PROBLEM REQUIREMENTS:
The required output holds only the lines from the one containing "In the context" through the end of the material below, copied exactly, please, with no pictures.

[[ RECORDS, beginning ]]

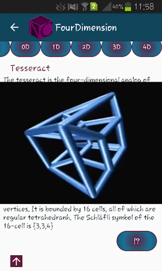 In some parts of the application you will see interactive content such as drawing a line, or a quick video representing 16-cell.
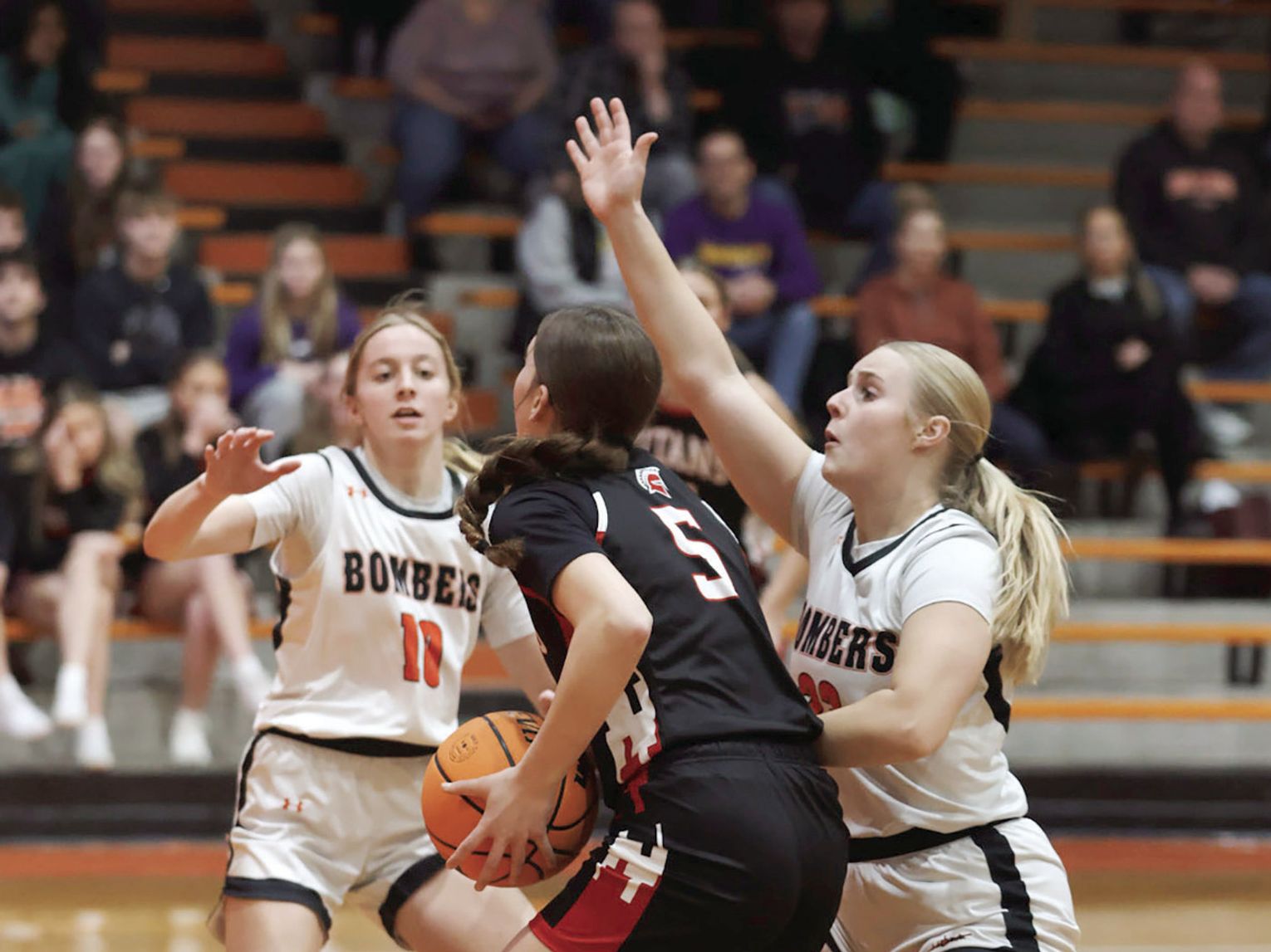 Aubrey Holthaus added seven points, followed by Jordan Hines with four points. Dakota Thorman and Destiny Monroe added two points apiece for the Bombers.
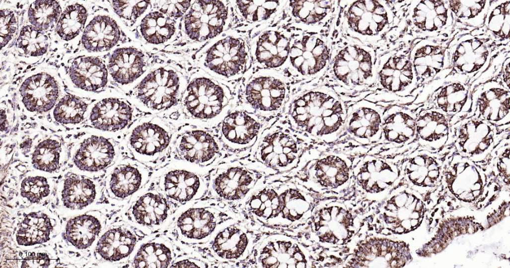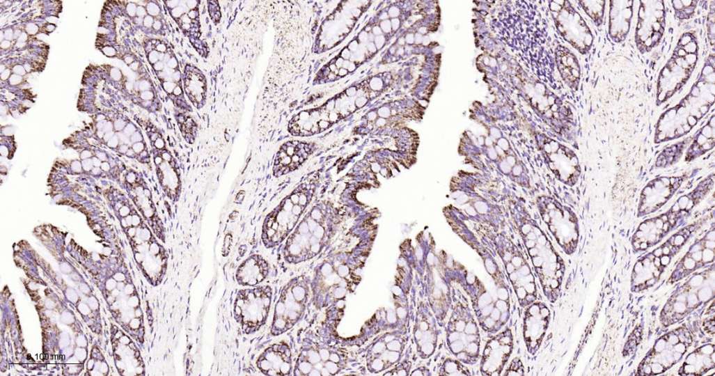 Immunohistochemical analysis of paraffin embedded Mouse colon tissue slide using IHC0559 (Hsp10 Kit).
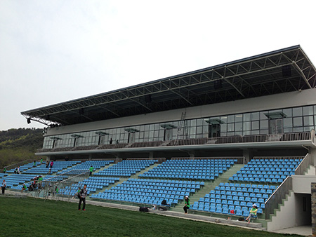 该场馆由香港、大连两地联手设计,庭院式的建筑风格温婉大气,令人惊艳,完全不负大连体育之乡、田径名城的美誉,各功能区之间有园林小径相贯通,把建筑与优美的环境融为一体,绿化覆盖率达到60%,充分体现了绿色环保理念,被称为本次全运会“更绿色”的比赛场馆。此外,场馆在功能设置上颇有远见,完全符合国家级标准赛马场规格,不仅解决了当下全运会赛事举办之需,在长期发展中还能够有力地推动大连赛马娱乐业的拓展和提升,同时也将丰富大连南部旅游的体育文化功能。
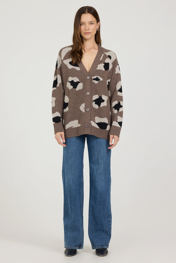 Add a bold twist to your layering game with this abstract leopard-print cardigan, crafted from a refined blend of 47% merino wool, 38% viscose, 10% nylon, and 5% cashmere. Designed with a relaxed fit, deep V-neckline, and front button closure, this cozy knit is perfect for effortless styling. Ribbed cuffs and hem add structure while enhancing comfort. A standout piece with luxurious softness and contemporary flair.
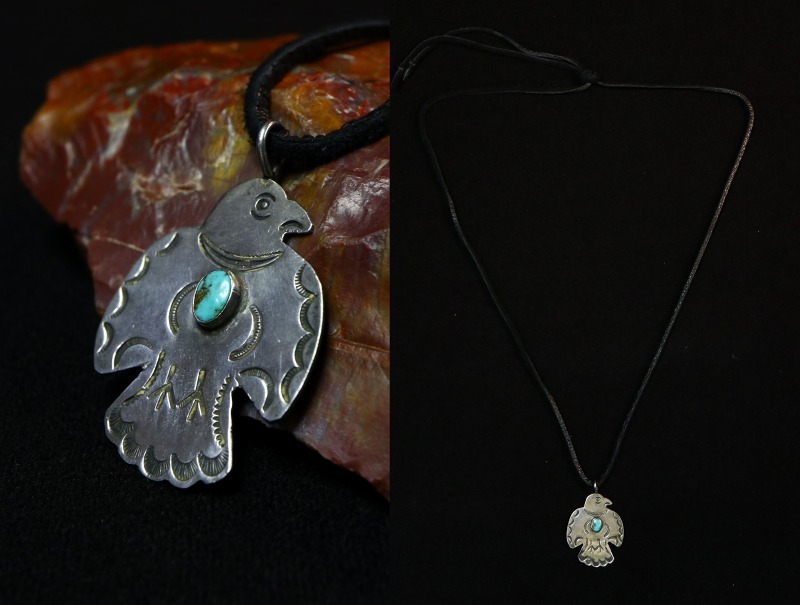 【NAVAJO】ナバホのアンティークジュエリーで、アメリカでも最も有名なトレーダーでありコレクタ―の一人である【Lynn Trusdell】(1938-2008)コレクションから放出された作品。アンティークインディアンジュエリーでありながらキャッチーでどこか可愛さのあるサンダーバードトップのアンティーク/ビンテージネックレスです。
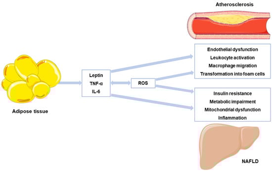 In the context of obesity and lipid overload, adipocytes acquire a proinflammatory phenotype that induces the secretion of adipokines, such as leptin, TNF-α, or IL-6. These adipokines promote ROS production and oxidative stress, which in turn stimulate proinflammatory adipokine secretion. Both types of cellular stress, inflammation and oxidative stress, play a role in the progression of atherosclerosis and non-alcoholic fatty liver disease (NAFLD), promoting several pathogenic processes. ROS: reactive oxygen species; TNF: tumor necrosis factor α; IL-6: interleukin 6. This figure has been edited from Servier Medical Art. Servier is licensed under a Creative Commons Attribution 3.0 Unported License.
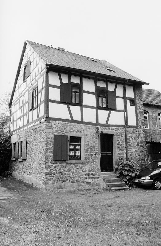 Traufständiges zweigeschossiges Wohnhaus, Erdgeschoss und nördliche Giebelwand in Sandstein, schlichtes Fachwerkobergeschoss. Vermutlich umgebauter Rest eines kleinen Burgmannenhauses. Zweiflügelige Haustür mit Oberlicht und kleiner Sandsteintreppe aus dem 19. Jahrhundert erhalten.
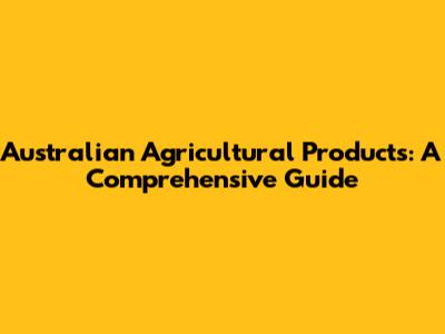 Australian Agricultural Products: A Comprehensive Guide

[[ RECORDS, end ]]

SOLUTION TO THE PROBLEM:
 In the context of obesity and lipid overload, adipocytes acquire a proinflammatory phenotype that induces the secretion of adipokines, such as leptin, TNF-α, or IL-6. These adipokines promote ROS production and oxidative stress, which in turn stimulate proinflammatory adipokine secretion. Both types of cellular stress, inflammation and oxidative stress, play a role in the progression of atherosclerosis and non-alcoholic fatty liver disease (NAFLD), promoting several pathogenic processes. ROS: reactive oxygen species; TNF: tumor necrosis factor α; IL-6: interleukin 6. This figure has been edited from Servier Medical Art. Servier is licensed under a Creative Commons Attribution 3.0 Unported License.
 Traufständiges zweigeschossiges Wohnhaus, Erdgeschoss und nördliche Giebelwand in Sandstein, schlichtes Fachwerkobergeschoss. Vermutlich umgebauter Rest eines kleinen Burgmannenhauses. Zweiflügelige Haustür mit Oberlicht und kleiner Sandsteintreppe aus dem 19. Jahrhundert erhalten.
 Australian Agricultural Products: A Comprehensive Guide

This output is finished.